A: The Advisory Committee on Immunization Practices (ACIP) modified the influenza vaccine suggestions for sufferers 65 years or older for the 2022/2023 season. Because GG is 65 years previous, she would profit from the quadrivalent adjuvanted inactivated influenza vaccine, the quadrivalent high-dose inactivated influenza vaccine, or the quadrivalent recombinant influenza vaccine. If the pharmacy doesn’t have any of those vaccines, some other age-appropriate influenza vaccines can be really helpful.4 For her pneumococcal vaccine, the ACIP recommends the pneumococcal 15-valent conjugate vaccine (PCV15) or pneumococcal 20-valent conjugate vaccine (PCV20) for PCV-naïve adults 65 years or older or PCV-naïve adults aged 19 to 64 years with sure underlying situations. GG can obtain the vaccine no matter her coronary heart failure analysis. If PCV15 is used, a dose of pneumococcal polysaccharide vaccine (PPSV23) ought to be administered at the very least 1 12 months later. Both vaccines can be applicable for GG, so she will determine whether or not she would really like 2 vaccines in 1 12 months or to be carried out after the PCV20 vaccine. For those that obtain the PCV15 vaccine adopted by the PPSV23 vaccine, a minimal interval of 8 weeks will be thought-about for adults who’re immunocompromised or have a cerebrospinal fluid leak or cochlear implant.5
Case 4: Omega-3 Fish Oil
Q: IL is a 48-year-old man who’s searching for omega-3 fish oil. He takes 10 mg of atorvastatin at bedtime. His main care doctor really helpful that IL start taking OTC omega-3 fish oil dietary supplements as a result of his triglyceride ranges are barely excessive. IL is confused about how a lot he ought to take as a result of totally different manufacturers have totally different dosing. He can also be debating growing his fish consumption as an alternative of taking a complement. What ought to the pharmacist suggest?
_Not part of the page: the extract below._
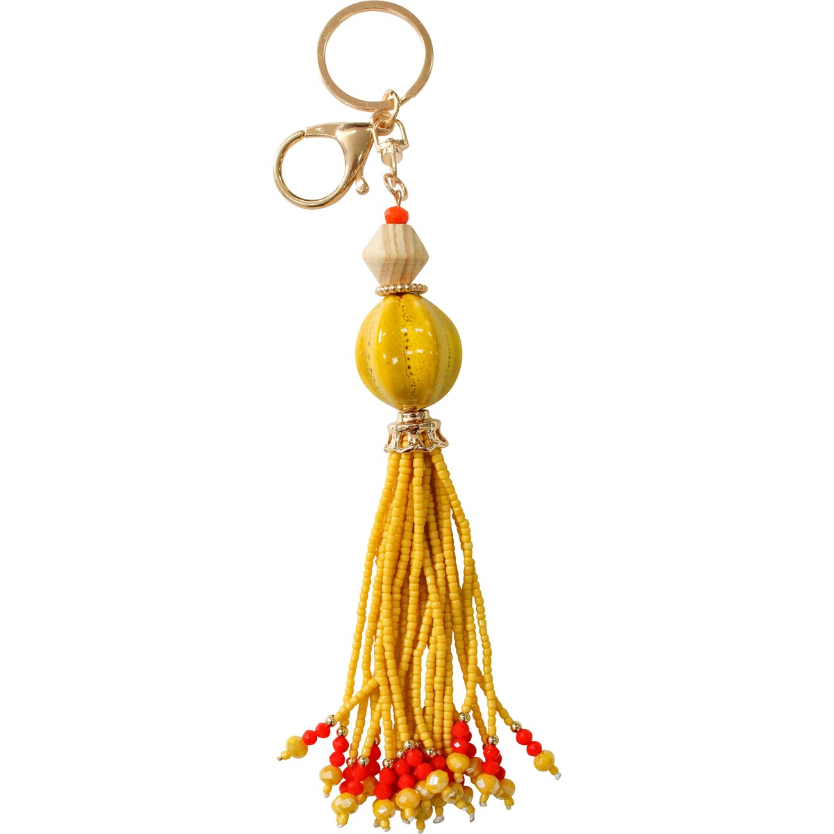 This is one of those pieces we like to keep around, the ones that make you want to click your heels every time you see it hanging on your bag, wallet, or even keys. The vibrant yellow and orange shades are stunning and perfect for the summer months. It’s got a festive charm that is sure to draw customers in. With its brilliant bright yellow and white wooden beads adorned with bright yellow and orange crystal seed beads, this keyring/ bag hanger is fun, quirky, and charming - all at once. We’re big fans of the long beaded tassels that hang beautifully from the larger bead at the top, it adds a lovely charm to any accessory it’s attached to. It’s got an easy clip-on mechanism and sits at just under 20 cm, making it compact enough to use anywhere and everywhere!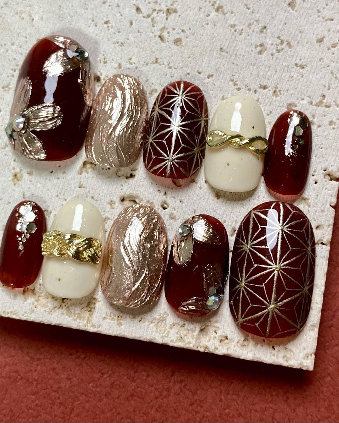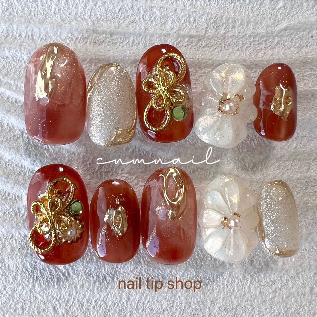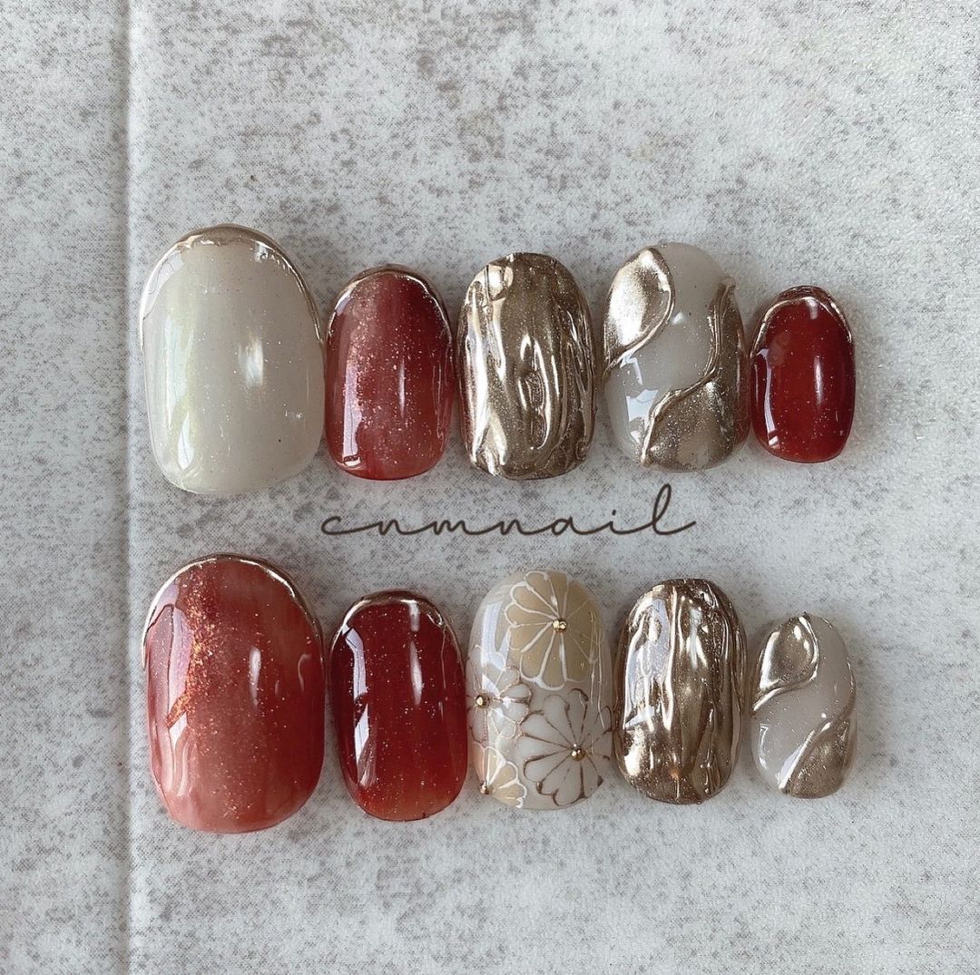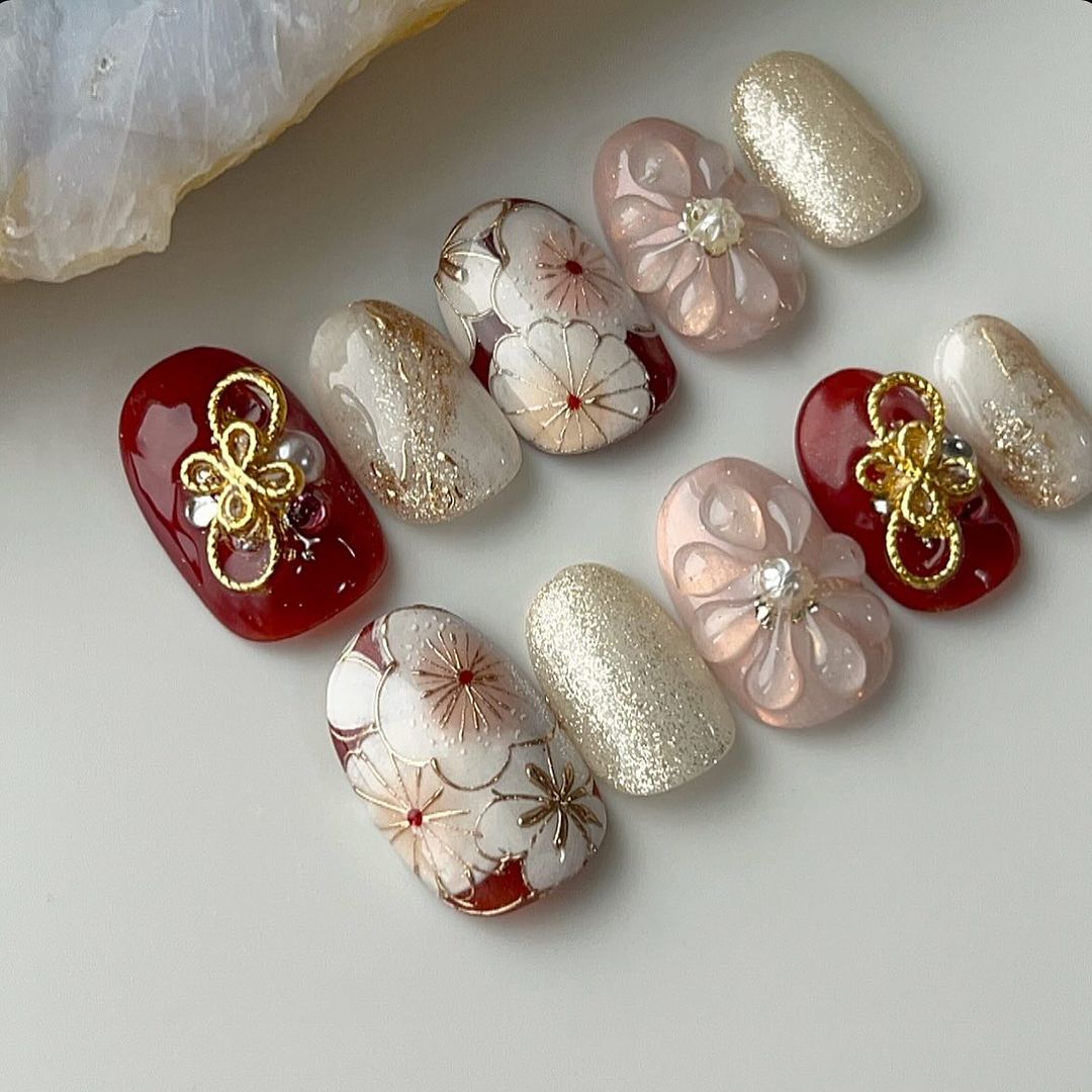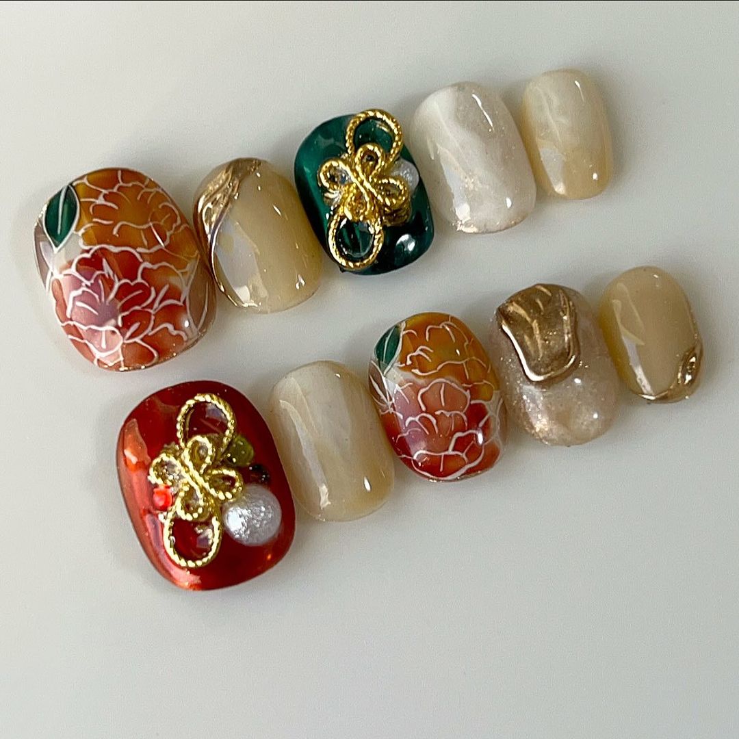 今回はレッド系カラーの和柄ネイルデザインをご紹介します!

A: Fish oil dietary supplements sometimes present 300 mg per capsule, though doses can fluctuate primarily based on producer. Omega-3 content material by way of dietary sources, akin to fish, may fluctuate. Cold-water fatty fish akin to herring, salmon, sardines, and tuna comprise excessive quantities of omega-3 fish oil, whereas fish with a decrease fats content material akin to bass, cod, and tilapia comprise decrease ranges. The National Institutes of Health suggests consuming 1.1 to 1.6 g of omega-3 fish oil day by day as a part of a standard weight-reduction plan. To get an efficient dosage for managing hypertriglyceridemia, IL would wish to take 2 to 4 g day by day.6 To obtain the excessive doses of omega-3 fish oil wanted, supplementation is his most suitable choice.
About the Authors
Rupal Patel Mansukhani, PharmD, FAPhA, NCTTP, is a scientific affiliate professor of pharmacy follow and administration on the Ernest Mario School of Pharmacy at Rutgers University in Piscataway and a transitions-of-care scientific pharmacist at Morristown Medical Center, each in New Jersey.
Ammie Patel, PharmD, BCACP, BCPS, is a scientific assistant professor of pharmacy follow and administration at Ernest Mario School of Pharmacy at Rutgers University in Piscataway and a scientific pharmacist in ambulatory care at RWJBarnabas Health in Shrewsbury and Eatontown, all in New Jersey.